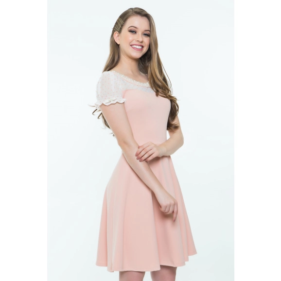 Detalhe: vestido godê com bordado em pérolas na gola, possui elástico e detalhe em laço nas mangas, fechamento em zíper atrás. Look delicado, romântico, ideal para casamentos e formaturas!
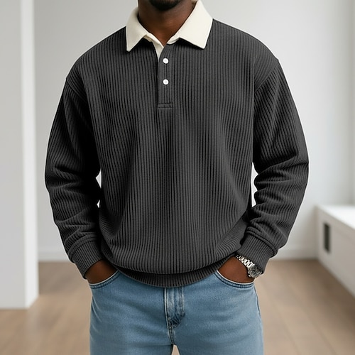 Per uomo Camicia di Velluto a Coste Polo Streetwear Casuale Bavero Manica Lunga Essenziale Moderno Blocco di colori Bottoni Primavera Autunno Vestibilità regolare Nero Blu marino Grigio chiaro
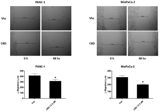 PANC-1 and MiaPaCa-2 cells were seeded onto a 24-well plate at a density of 4 × 104/mL and 2.5 × 104/mL, respectively. When cells were confluent, they were scratched using 10 μL sterile pipette tips, and medium was replaced with fresh medium containing low percentage of serum to minimize cell proliferation and prevent cell detachment and treated with CBD 12.5 μM. Images of wounded areas were taken at 0 h and 48 h. Images acquisition was carried out by a LeitzFluovert FU (Leica Microsystems) microscope. Remaining wound areas were determined using NIH Image J 1.44 software (Research Services Branch (RSB), National Institutes of Health (NIH), Bethesda, MD, USA) three separate distance measurements per well. Analyses were performed in triplicate.

HOW TO COMPLETE THIS TASK
Pictures aside, print every line of the material exactly.

COMPLETED TASK
 Detalhe: vestido godê com bordado em pérolas na gola, possui elástico e detalhe em laço nas mangas, fechamento em zíper atrás. Look delicado, romântico, ideal para casamentos e formaturas!
 Per uomo Camicia di Velluto a Coste Polo Streetwear Casuale Bavero Manica Lunga Essenziale Moderno Blocco di colori Bottoni Primavera Autunno Vestibilità regolare Nero Blu marino Grigio chiaro
 PANC-1 and MiaPaCa-2 cells were seeded onto a 24-well plate at a density of 4 × 104/mL and 2.5 × 104/mL, respectively. When cells were confluent, they were scratched using 10 μL sterile pipette tips, and medium was replaced with fresh medium containing low percentage of serum to minimize cell proliferation and prevent cell detachment and treated with CBD 12.5 μM. Images of wounded areas were taken at 0 h and 48 h. Images acquisition was carried out by a LeitzFluovert FU (Leica Microsystems) microscope. Remaining wound areas were determined using NIH Image J 1.44 software (Research Services Branch (RSB), National Institutes of Health (NIH), Bethesda, MD, USA) three separate distance measurements per well. Analyses were performed in triplicate.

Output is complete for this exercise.